White boy cracker, in Watts, the sixties, where, in the hot August four years earlier, there had been riots that burned down half the city. Six days, thirty-some people killed, a thousand injured bad enough to go to the hospital, fourteen thousand National Guard troops moved in. A mess. Touched off in earnest when the police stopped an unarmed black guy rushing his pregnant wife to the hospital, and somehow shot and killed the man.

DWB -- driving while black -- was a common reason for Chief Parker's LAPD to pull somebody over, but it didn't usually involve a death sentence.

Watts erupted.

Four years later, there were still a fair-number of burned-out buildings that hadn't been repaired or knocked down, and still plenty of simmering hatred in the city. You didn't see a lot of outside white folks who were comfortable going there.

But I was young and foolish and full of myself and I had a green belt in karate and neither Achilles nor Superman had anything on me.

I put on my rattiest pair of jeans and tennis shoes. A jacket I had kept under my motorcycle to keep the oil from leaking onto the driveway. I put the camera on a strap over my arm under the jacket, got a bottle of 7-Up and put it into a brown paper bag. Let my beard grow -- such that it would -- greased my hair down, and became an instant twenty-two-year-old drunken bum. I went to where Henry lived, sat in a doorway across the street, sipped at my 7-Up, and commenced surveillance.

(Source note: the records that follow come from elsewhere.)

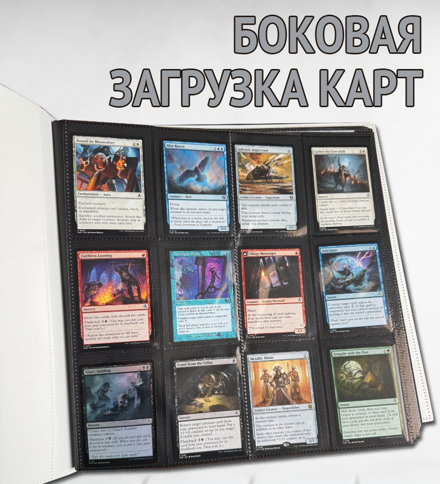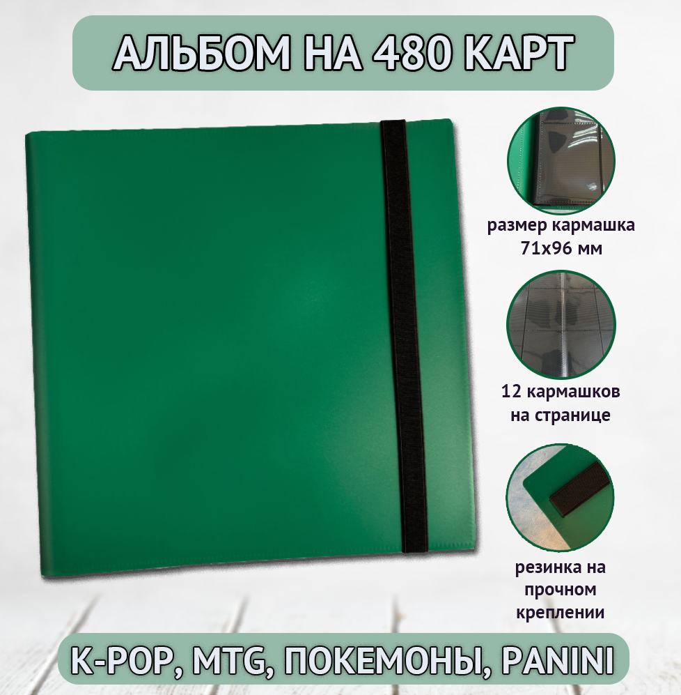 Альбом вмещает 480+ карт, позволяет хранить более одной карты в ячейке и идеально подойдет для карт размерами до 69х94 мм.
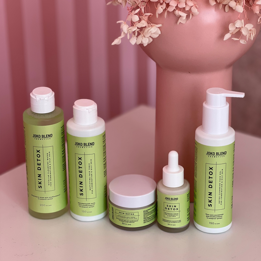 Мицеллярная вода для комбинированной и жирной кожи Skin Detox Joko Blend 200 мл: экстракт ламинарии, аллантоин, пантенол. Гель для умывания для комбинированной и жирной кожи Skin Detox Joko Blend 150 мл: ниацинамид, цинк, экстракт ламинарии, аллантоин, пантенол. Матирующий тоник для комбинированной и жирной кожи Skin Detox Joko Blend 150 мл: ниацинамид, экстракт ламинарии, аллантоин, пантенол. Балансирующая сыворотка для комбинированной и жирной кожи Skin Detox Joko Blend 30 мл: бакучиол, ниацинамид, экстракт зеленого чая, витамин Е, экстракт аннатто, аллантоин, пантенол. Матирующий крем для комбинированной и жирной кожи лица Skin Detox Joko Blend 50 мл: бакучиол, ниацинамид, экстракт зеленого чая, витамин Е, экстракт аннатто, аллантоин, пантенол. -
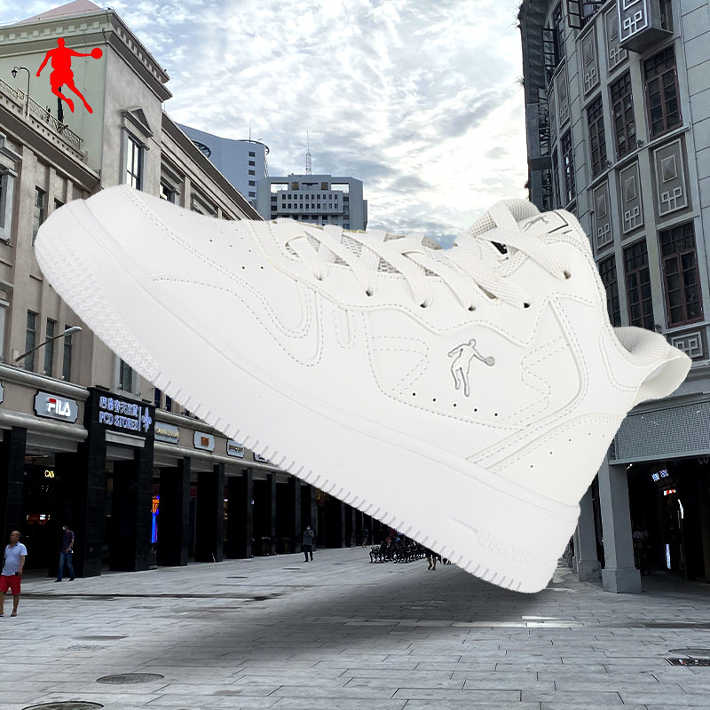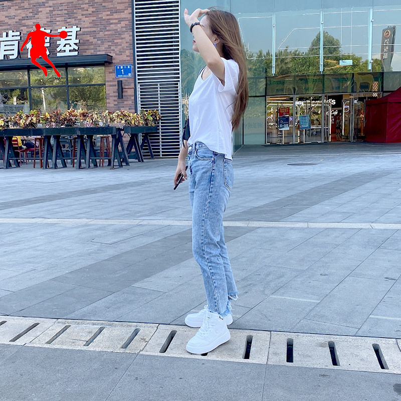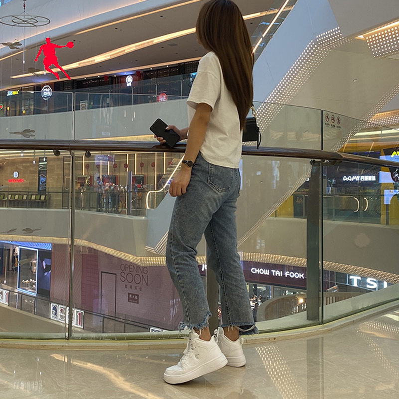 乔丹女鞋纯白色高帮运动鞋皮面防水空军一号平底板鞋休闲小白鞋子
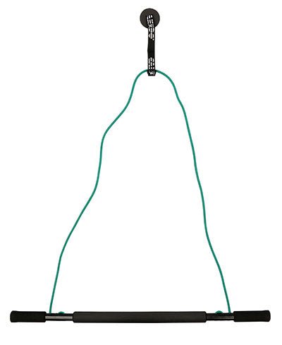 Use CanDo dynamic exercise, tubing and pulley system in the standing or seated position. Exercise superficial muscles and the deeper lying muscles. The exercise bar can be used isometrically and dynamically. X-light resistance, yellow, CanDo exercise tubing is attached to both ends of foam padded exercise bar. Tubing is then attached to swivel-pulley system. The pulley is attached to top of door or in side door jamb by closing the door on the included door anchor. Closing the door creates your instant exercise station

Nobody bothered me. How sad was I, a homeless, drunk white boy so out of it I didn't even know nor care where I was?

Over the next three days, every time Henry came out of his house, I was there watching.
I shot maybe eight minutes of film during that time, but all of it showed Henry doing stuff he supposedly could not do.

First, he played touch football with a few friends. Nice scenes of him running.

Later, he worked in his yard, bent over 90-degrees at the waist, and pulled weeds along the sidewalk. Did this for most of an hour.

He went to collect his unemployment check, and in a happenstance too good to be true, stood in a line outside a temporary building between two attractive young women, and tried to talk to both of them at the same time. With one fore and one aft, he was swiveling his injured neck like somebody watching a tennis match. Not quite as much as the little girl possessed in The Exorcist, but enough so that his injury didn't seem to be bothering him.

He jogged down the street to catch a passing friend ...

After three days, I stopped being a homeless drunk. I went to the office, wrote my report and turned in my film.

I still consider that one of the less clever things I have done, that case. I recall going to use the phone once, next to a trashed laundromat, and seeing "Kill Whitey!" scratched into the glass of the booth. There were still a lot of militants around, and being in the wrong neighborhood with the wrong skin color could get you thumped on either end of the spectrum. Didn't worry me a whit. I was bulletproof.

Truly there must be angels who watch out for fools and children. I must have had a platoon working shifts to keep me alive.

As for Henry? Well, come his day in court, he showed up in a wheelchair, wearing a neck brace, and in much apparent pain. I testified as to what I had seen. Henry stared at me as if I were the biggest liar who ever lived.

I set up my projector and screen and ran my film. Only eight minutes, but not a frame of it was of Henry standing idle.

After it was done and the lights came up, the judge -- no jury here -- looked at Henry. You move pretty good for a cripple, he allowed. (This in the days when such a word was still used in polite company.)

Henry said, "Well, your honor, yeah, I was feeling better for while. But, you know, after I did all that? I had to go and lie down."

The judge shook his head.

Henry did not receive a large settlement. He was lucky he got to keep what he had already collected.